→ **Problem statement**:
Would you return the data below exactly as it stands, with every picture left out?

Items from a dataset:
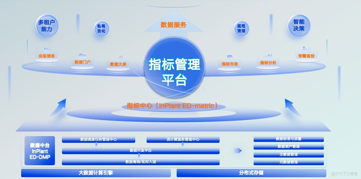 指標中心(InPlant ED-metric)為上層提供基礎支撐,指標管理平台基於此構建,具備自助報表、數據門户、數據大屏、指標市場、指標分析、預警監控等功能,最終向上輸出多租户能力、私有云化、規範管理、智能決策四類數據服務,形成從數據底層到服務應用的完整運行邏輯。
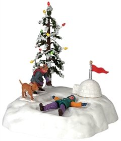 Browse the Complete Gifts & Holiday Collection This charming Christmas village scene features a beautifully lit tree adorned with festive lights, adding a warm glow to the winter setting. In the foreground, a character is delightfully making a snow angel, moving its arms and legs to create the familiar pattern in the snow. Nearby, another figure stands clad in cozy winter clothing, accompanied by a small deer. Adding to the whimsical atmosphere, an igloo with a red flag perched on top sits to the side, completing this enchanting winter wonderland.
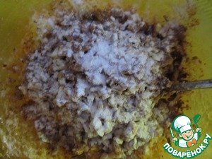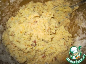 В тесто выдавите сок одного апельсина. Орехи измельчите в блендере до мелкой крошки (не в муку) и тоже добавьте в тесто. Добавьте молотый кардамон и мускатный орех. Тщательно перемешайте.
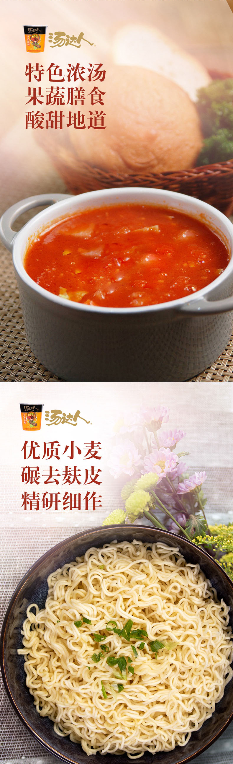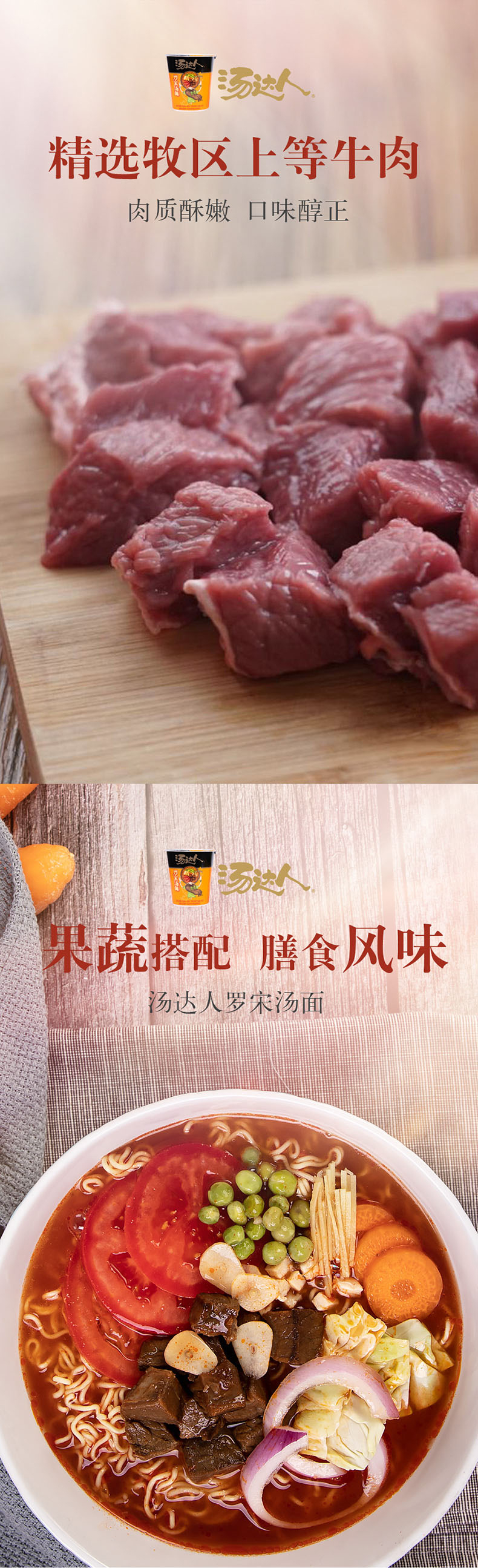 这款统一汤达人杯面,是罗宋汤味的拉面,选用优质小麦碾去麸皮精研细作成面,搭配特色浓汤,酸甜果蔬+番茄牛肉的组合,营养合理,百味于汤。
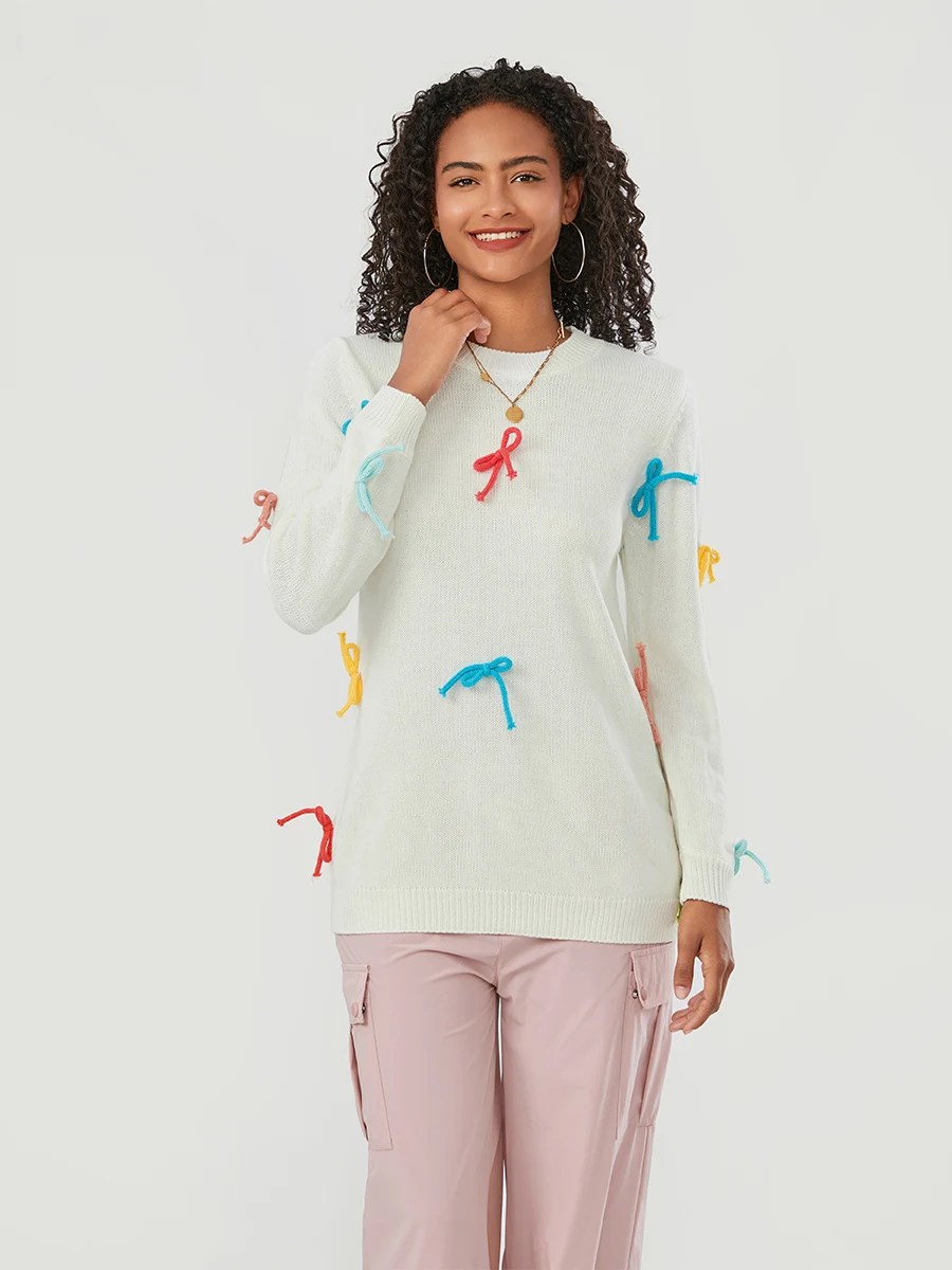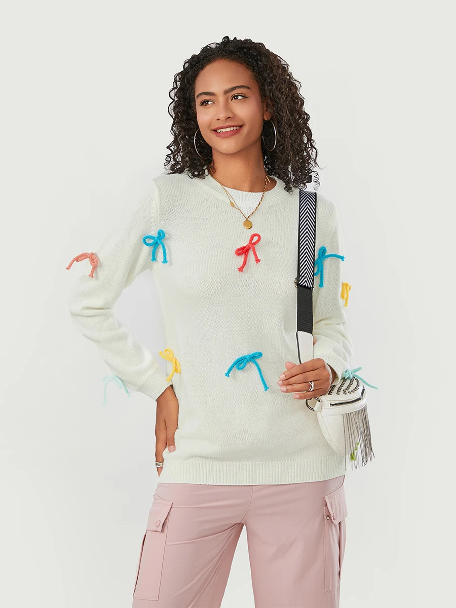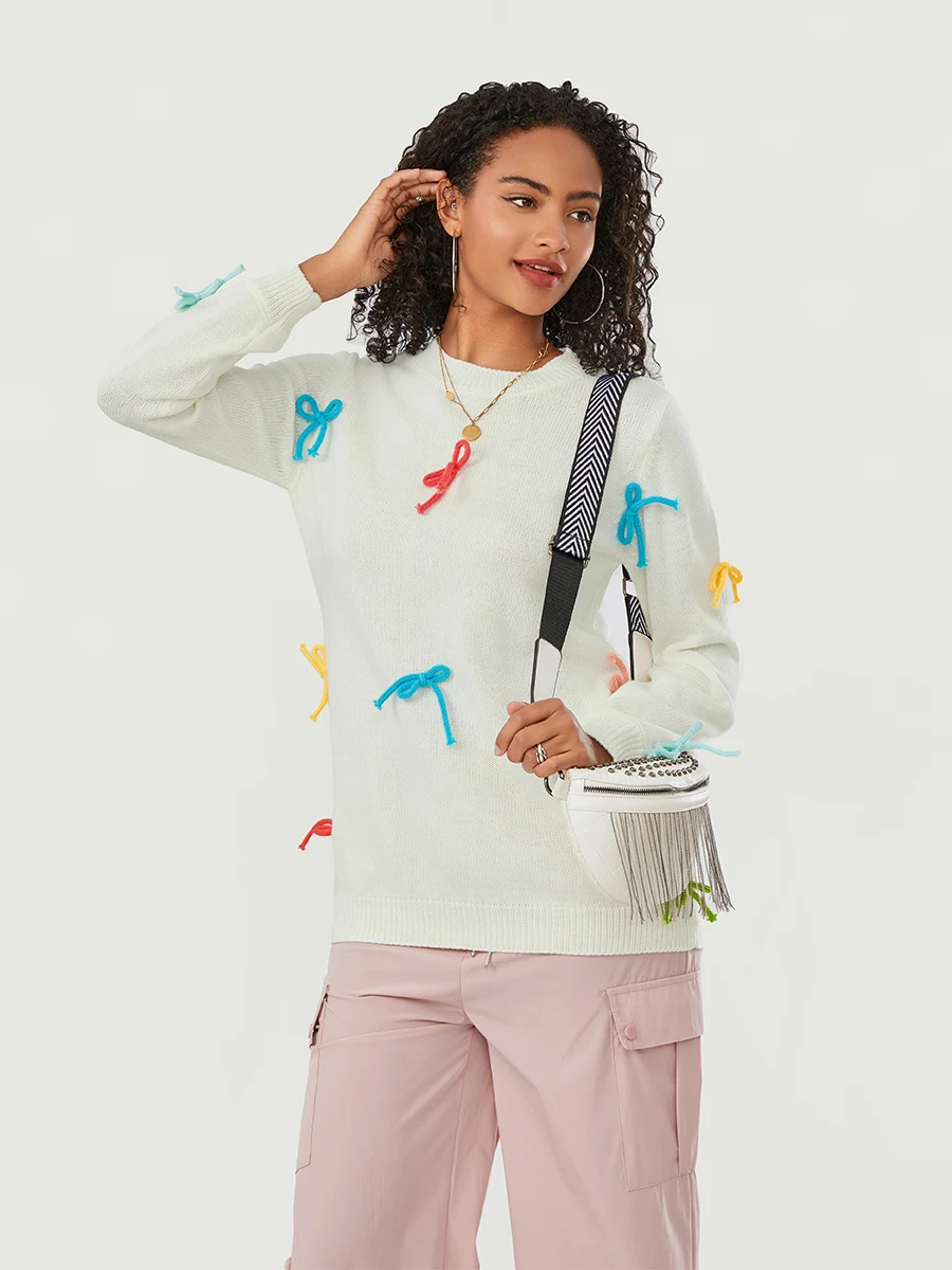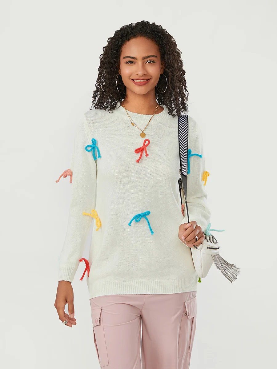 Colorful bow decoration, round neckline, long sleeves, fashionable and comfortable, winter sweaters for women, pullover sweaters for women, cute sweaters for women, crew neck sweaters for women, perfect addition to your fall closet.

→ **Reply to the task**:
 指標中心(InPlant ED-metric)為上層提供基礎支撐,指標管理平台基於此構建,具備自助報表、數據門户、數據大屏、指標市場、指標分析、預警監控等功能,最終向上輸出多租户能力、私有云化、規範管理、智能決策四類數據服務,形成從數據底層到服務應用的完整運行邏輯。
 Browse the Complete Gifts & Holiday Collection This charming Christmas village scene features a beautifully lit tree adorned with festive lights, adding a warm glow to the winter setting. In the foreground, a character is delightfully making a snow angel, moving its arms and legs to create the familiar pattern in the snow. Nearby, another figure stands clad in cozy winter clothing, accompanied by a small deer. Adding to the whimsical atmosphere, an igloo with a red flag perched on top sits to the side, completing this enchanting winter wonderland.
 В тесто выдавите сок одного апельсина. Орехи измельчите в блендере до мелкой крошки (не в муку) и тоже добавьте в тесто. Добавьте молотый кардамон и мускатный орех. Тщательно перемешайте.
 这款统一汤达人杯面,是罗宋汤味的拉面,选用优质小麦碾去麸皮精研细作成面,搭配特色浓汤,酸甜果蔬+番茄牛肉的组合,营养合理,百味于汤。
 Colorful bow decoration, round neckline, long sleeves, fashionable and comfortable, winter sweaters for women, pullover sweaters for women, cute sweaters for women, crew neck sweaters for women, perfect addition to your fall closet.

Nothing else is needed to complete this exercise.